Stored data:
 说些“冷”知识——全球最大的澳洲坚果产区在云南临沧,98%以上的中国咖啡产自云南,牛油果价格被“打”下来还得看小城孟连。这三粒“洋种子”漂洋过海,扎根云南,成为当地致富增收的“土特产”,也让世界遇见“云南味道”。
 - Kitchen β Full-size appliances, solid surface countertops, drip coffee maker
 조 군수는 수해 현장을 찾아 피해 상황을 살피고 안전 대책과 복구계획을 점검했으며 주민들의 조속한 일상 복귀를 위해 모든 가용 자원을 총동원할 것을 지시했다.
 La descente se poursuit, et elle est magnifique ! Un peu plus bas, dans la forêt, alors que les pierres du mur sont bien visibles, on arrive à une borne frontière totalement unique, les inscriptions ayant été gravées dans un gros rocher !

--

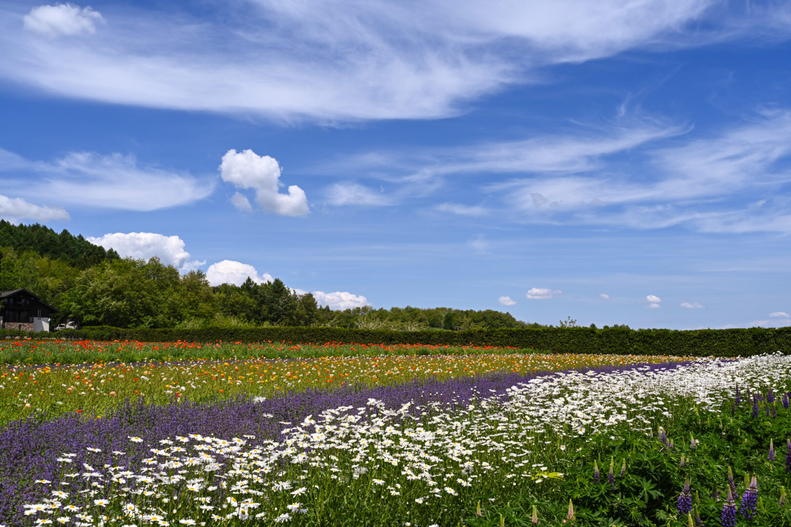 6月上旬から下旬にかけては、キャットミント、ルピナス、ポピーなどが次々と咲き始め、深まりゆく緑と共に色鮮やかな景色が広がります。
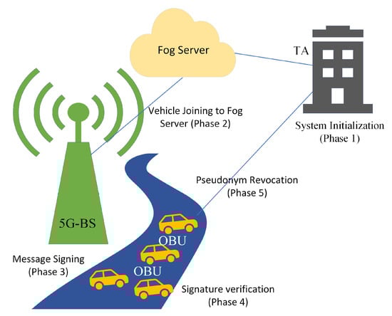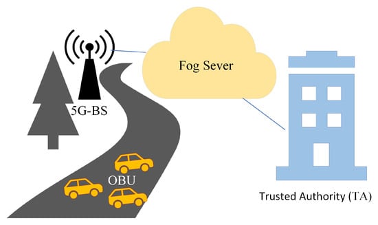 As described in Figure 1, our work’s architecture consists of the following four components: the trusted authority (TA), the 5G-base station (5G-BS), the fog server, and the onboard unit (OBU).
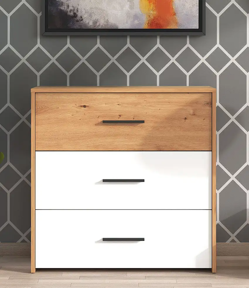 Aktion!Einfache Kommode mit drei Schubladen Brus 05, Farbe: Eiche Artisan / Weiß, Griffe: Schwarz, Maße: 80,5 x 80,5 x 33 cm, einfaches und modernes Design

Assignment: Starting at the line above that contains "6月上旬から下旬にかけては、", transcribe every line exactly through the line that contains "Aktion!Einfache Kommode mit", including that last one, and skip the pictures.

Exercise output:
 6月上旬から下旬にかけては、キャットミント、ルピナス、ポピーなどが次々と咲き始め、深まりゆく緑と共に色鮮やかな景色が広がります。
 As described in Figure 1, our work’s architecture consists of the following four components: the trusted authority (TA), the 5G-base station (5G-BS), the fog server, and the onboard unit (OBU).
 Aktion!Einfache Kommode mit drei Schubladen Brus 05, Farbe: Eiche Artisan / Weiß, Griffe: Schwarz, Maße: 80,5 x 80,5 x 33 cm, einfaches und modernes Design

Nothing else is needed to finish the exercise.